It’s still a bit weird to see my name and situation referenced in the international press after colliding with the Trump administration over scientific integrity and analytic independence earlier this year. Although less common, such references nevertheless pop up in a Twitter mention or a Reddit post on occasion.
The strange, tumultuous summer kicked off with an unexpectedly public dispute with the White House over a June 5 unclassified briefing to the House Permanent Select Committee on Intelligence (HPSCI) on the national security implications of climate change.
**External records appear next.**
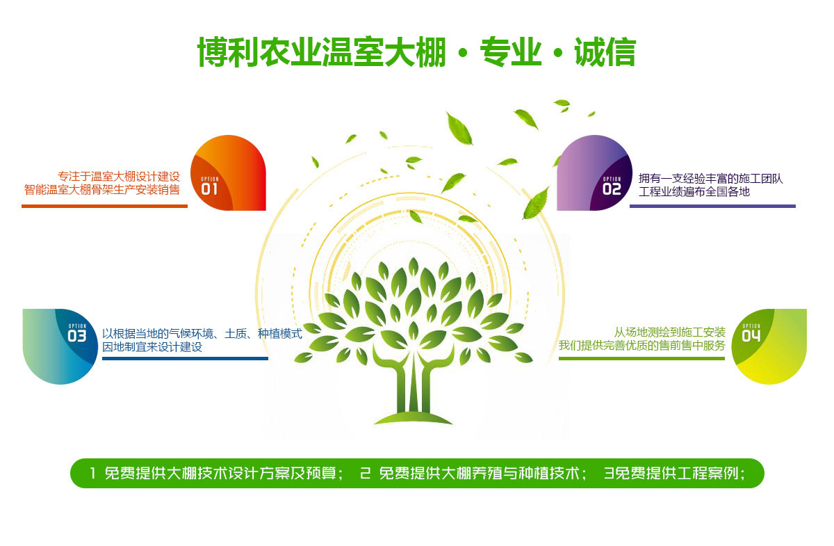 安陽博利農業科技有限公司,是一家專業生產溫室大棚的現代化企業。公司擁有大棚材料生產線,各種加工折彎,縮頭等設備,及專業研發、技術人員,提供設計、制作、安裝及售后全程服務。公司在鍍塑鋼管大棚,幾字鋼、C型鋼溫室大棚,薄膜連體大棚,玻璃智能連棟大棚,反季節蔬菜溫室大棚,花卉大棚…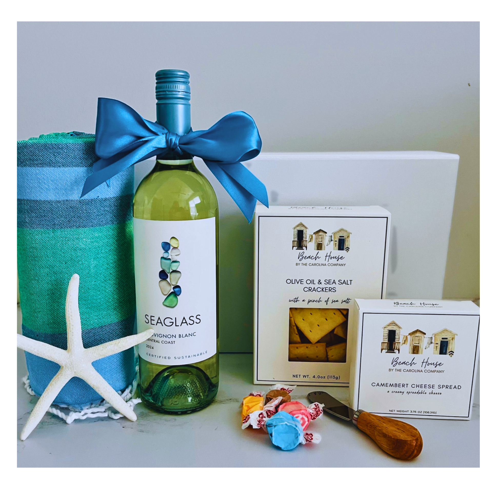 Our Coastal Vibe Gift Box is perfect for Mother's Day or for any beach lover! Includes magnetic gift box, Sea Glass Wine, Luxury multicolored sustainable Turkish beach towel/wrap, Beach House Crackers and Beach House Camembert Cheese. Complete with salt-water taffy and real starfish. Wrapped up with white shred and coordinating silk bow.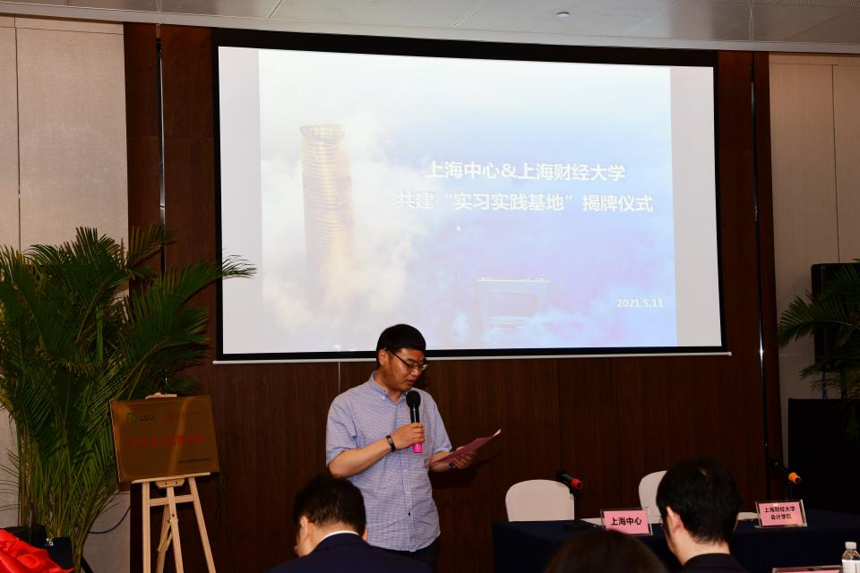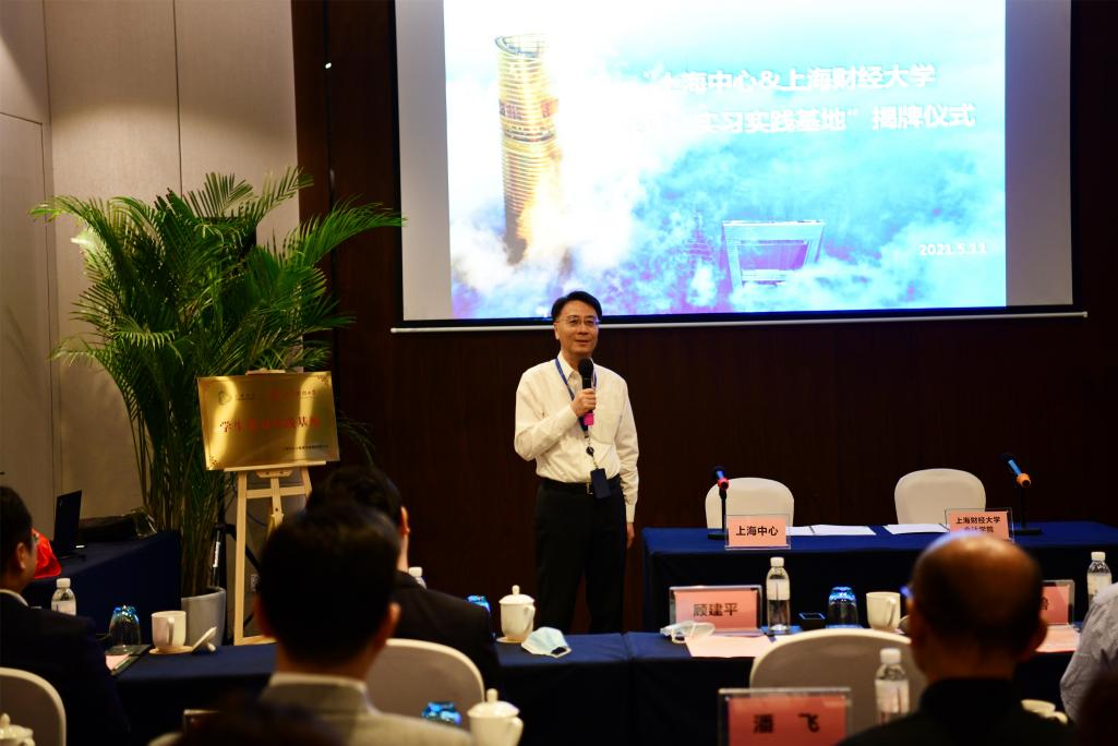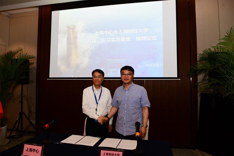 随后上海中心大厦建设发展有限公司总经理顾建平和上海财经大学会计学院院长靳庆鲁现场签署了战略合作协议并为共建学生实习实践基地揭牌。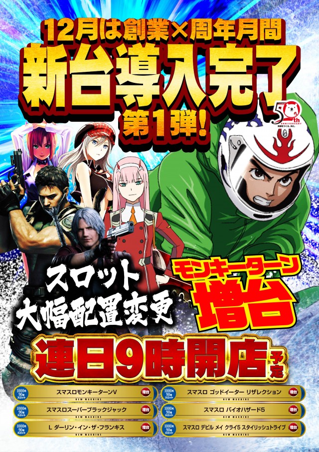 | 稼働台数 | パチンコ360台 / パチスロ120台 |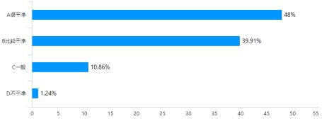 我馆目前有专职人员负责卫生的清理,从整体上看,卫生清理的比较不错。绝大多数读者都给予了“比较干净”、“很干净”的评价。卫生环境是大家共同维护的,图书馆良好的环境状况需要图书馆工作人员与读者的共同维护。

As the US intelligence community’s primary expert on environmental and ecological change, I was asked to provide testimony and draft the written Statement for the Record for the Bureau of Intelligence and Research (“INR” in the 3-letter acrospeak beloved in DC, referring to the oldest civilian intelligence agency in the country).
Hold the science, please
At the heart of the dispute was the untenable position adopted by the White House Office of Legislative Affairs (WHLA) that a testimony on the implications of climate change should not contain science. Specifically, they argued that two sections, Scientific Baseline and Stresses to Humans and Societies, were out of scope of the hearing because of their scientific nature and needed to be deleted (which represented 5 pages of a 10 page document). WHLA argued that the intelligence community’s role was to speak only to the implications of climate change.
The madness of WHLA’s argument becomes apparent, however, when one swaps climate science out for another discipline. For example:
- A witness briefing Congress on the dangers of an incoming near-Earth object (NEO) would first describe what is known about that NEO [mass, velocity, trajectory, structural integrity, etc.] before turning to the potential damage it could cause upon impact with the Earth.
- An expert describing an ongoing infectious disease outbreak with pandemic potential would necessarily begin with a robust description of what is known about the outbreak [pathogen, transmission, mortality, etc.].
As in all risk assessments, one must first characterize a risk (what do we know?) before turning to its implications (what are the possible outcomes?). Using climate science to characterize the potential risks from climate change is obviously necessary, and doing otherwise would be analytic malpractice.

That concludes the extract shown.